Wednesday, August 30, 2006

Fishing in the stream of conciousness

I seem to have "broken" my blog's template resulting in it not being displayed properly in certian browsers. Sorry about that, I just had to mess with it, now it's all kerfuffled. If you don't see a bunch of links off to the right scroll down to the bottom of the page. You'll find them there. I don't know why they dropping down like that. There's a lot of good links for you to look at! Tales of previous adventures, neat shops selling useful adventure gear, information on where to go adventuring, stuff like that. Definately worth a look if you ask me.

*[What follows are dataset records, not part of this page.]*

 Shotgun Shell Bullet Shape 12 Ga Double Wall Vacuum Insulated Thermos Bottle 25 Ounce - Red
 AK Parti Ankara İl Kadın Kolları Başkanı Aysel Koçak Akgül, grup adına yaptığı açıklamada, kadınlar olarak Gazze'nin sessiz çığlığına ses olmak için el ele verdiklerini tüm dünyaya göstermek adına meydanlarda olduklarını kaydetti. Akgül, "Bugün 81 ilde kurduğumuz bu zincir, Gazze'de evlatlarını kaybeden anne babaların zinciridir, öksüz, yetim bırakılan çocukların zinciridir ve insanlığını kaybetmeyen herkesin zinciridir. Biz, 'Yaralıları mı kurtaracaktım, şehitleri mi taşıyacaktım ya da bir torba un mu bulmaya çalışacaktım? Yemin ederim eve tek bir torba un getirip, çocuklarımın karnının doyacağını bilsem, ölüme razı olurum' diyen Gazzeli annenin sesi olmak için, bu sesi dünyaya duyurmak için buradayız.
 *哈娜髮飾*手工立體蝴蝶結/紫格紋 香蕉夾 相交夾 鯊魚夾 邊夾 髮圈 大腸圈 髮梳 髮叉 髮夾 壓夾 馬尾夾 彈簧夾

Of course, I just had a rather large glass of fine brandy so everything seems a bit rosey and warm right now. Work sucks but life is good. Did I mention my lab tech just left the company to become a game warden? I am so jealous of her! I'll be stuck doing her job and my job while she'll be out in the woods arresting poachers and shooting meth-lab operators! Is that just the best job ever? I'm hoping she'll at least send me some alligator teeth (there's a lot of alligator poaching Texas. They fasten a chicken to a grappling hook fastened to a heavy-duty chain fastened to a really big tree. Apparently you can get a lot of gators with such a simple set-up). Anyway, and alligator-tooth necklace would be cool. Or maybe a set of alligator-teeth cufflinks for my suit next month when I present my paper at the big SPE (Society of Petroleum Engineers) conference. I'm not an engineer (I can't drive trains) I'm a chemist. If you want a bridge, talk to an engineer. If you DON'T want a bridge, talk to a chemist (wink, wink).

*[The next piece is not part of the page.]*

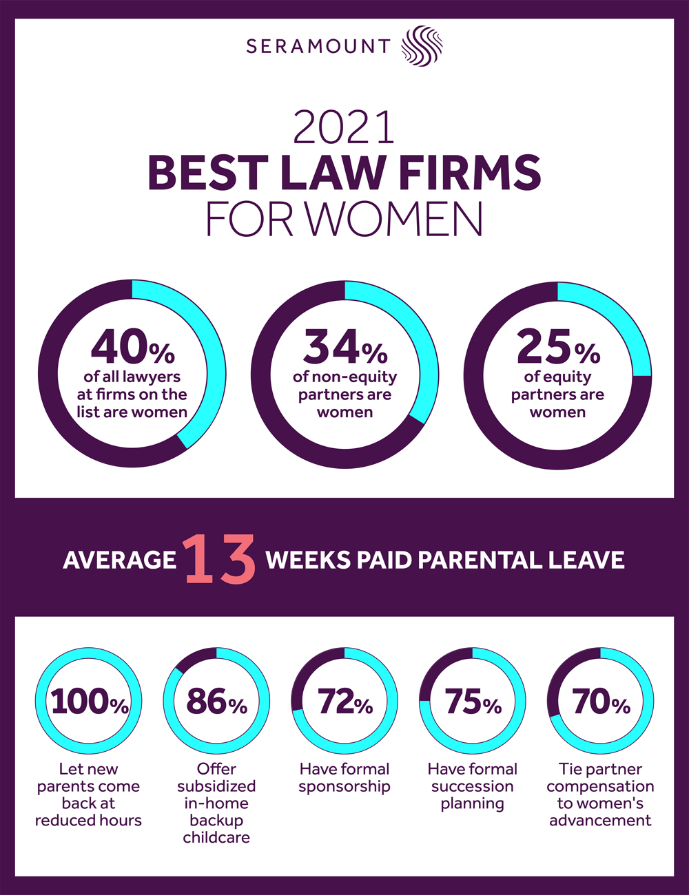 Seramount’s 2021 Best Law Firms for Women application includes more than 300 questions about attorney demographics at different levels, schedule flexibility, paid time off and parental leaves, and development and retention of women. This year, in light of COVID-19, several questions were added about the success of working from home for lawyers. The full “Best Law Firms for Women” list is available here.

Actually, with a big nose like mine and being perpetually tanned by the great outdoors I find it's best to no longer mess with the, uh, *flashy* side of chemistry anymore. I also learned many years ago not to bring my work briefcase onto planes anymore. It's chem-lab smells drive the sniffer-dogs NUTS. Nothing like a strip search to start a business trip right. :-( Of course, having your co-worker see a teddy bear (hey, I can't get to sleep if I'm not snuggling with someone and the teddy bear is A LOT better than a divorce!) in your bag doesn't help one's career. Oh well. They are all just jealous because I look sexy in a lab coat and they all look like frumpy old men (including most of the women!). Then again, most of my coworkers are between the ages of 54 and the Eocene age, so they'd look like frumpy old men in just about anything short of a Lamborgini...

That was some real good brandy.

Adventure! Excitement! Template Issues!